The speed and effectiveness of joint training is strongly influenced by the individual task loss functions. Since these loss functions may have different properties and sizes, it is crucial to weigh them correctly. To find the optimal weights of the loss functions as well as other training hyperparameters, a hyperparameter evolution approach is used.
During training, if the samples in each batch are not carefully and thoroughly balanced, the performance of the model can degrade significantly. To address this issue, it is necessary to ensure that all categories in each iteration are adequately represented based on their frequency in the dataset.

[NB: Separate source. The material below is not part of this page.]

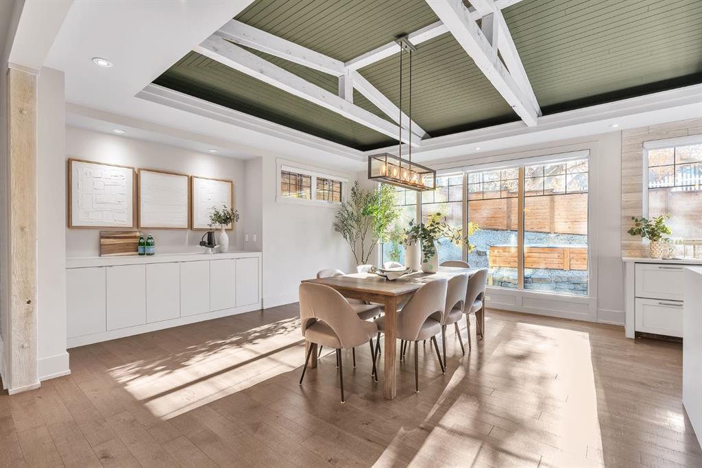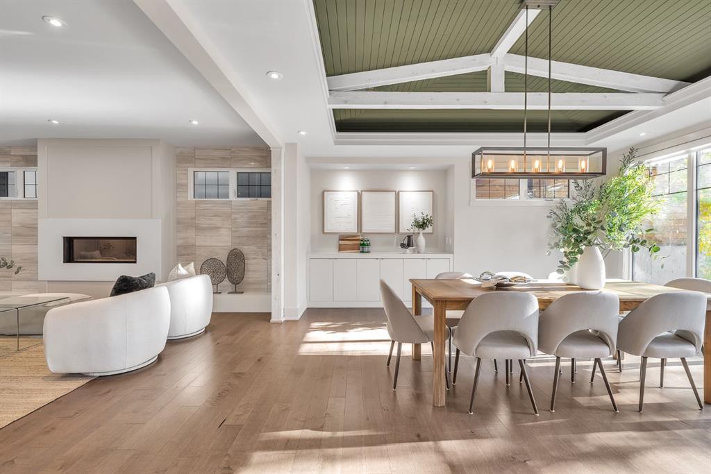 The main level blends warmth and sophistication through its open design and natural textures. Expansive windows flood the home with light, highlighting brushed cashmere hardwood floors, exposed timber accents, and rich custom millwork. The kitchen is a showpiece in both style and function, featuring professional-grade appliances, Caesarstone countertops, an oversized island, and a butler’s pantry with stand-up freezer. The adjoining dining and great room, framed by a gas fireplace, invite effortless entertaining and relaxed everyday living. A well-appointed main-floor office with built-ins provides privacy and focus.

The impact of training settings
a meter (measuring sth)1
Results are shown for the effects of each of the techniques described earlier. Proprietary data were used in these experiments as they demonstrated sufficient inter-task consistency to ensure clarity of the experiments. The model was trained to3
tasks, where the baseline is an architecture in which all parameters of the model (except theHEAD
part) are shared across tasks.
The dataset for the first task contains22
categories, the training focuses on having27,146
images, the validation set has3,017
images. The dataset for the second task contains18
categories, the training focuses on having22,365
images, the validation set has681
images. The dataset for the third task contains16
categories, the training focuses on having17,012
images, the validation set has3,830
Images. To compare the impact of the architectural search methods on the results, the paper also trained a model in which all theNECK
Some of the parameters are task-specific, and the accuracy enhancements of the discovered architecture are then compared to them.
The models mentioned are inYOLOv5x
constructed on the basis of an input image resolution of640x640
The measurements were taken atV100 GPU
the aboveFP16
The precision is carried out.
Open-source datasets experiments
If this article is helpful to you, please click a like or in the look at it ~~
For more content, please pay attention to WeChat public number [Xiaofei's Algorithm Engineering Notes].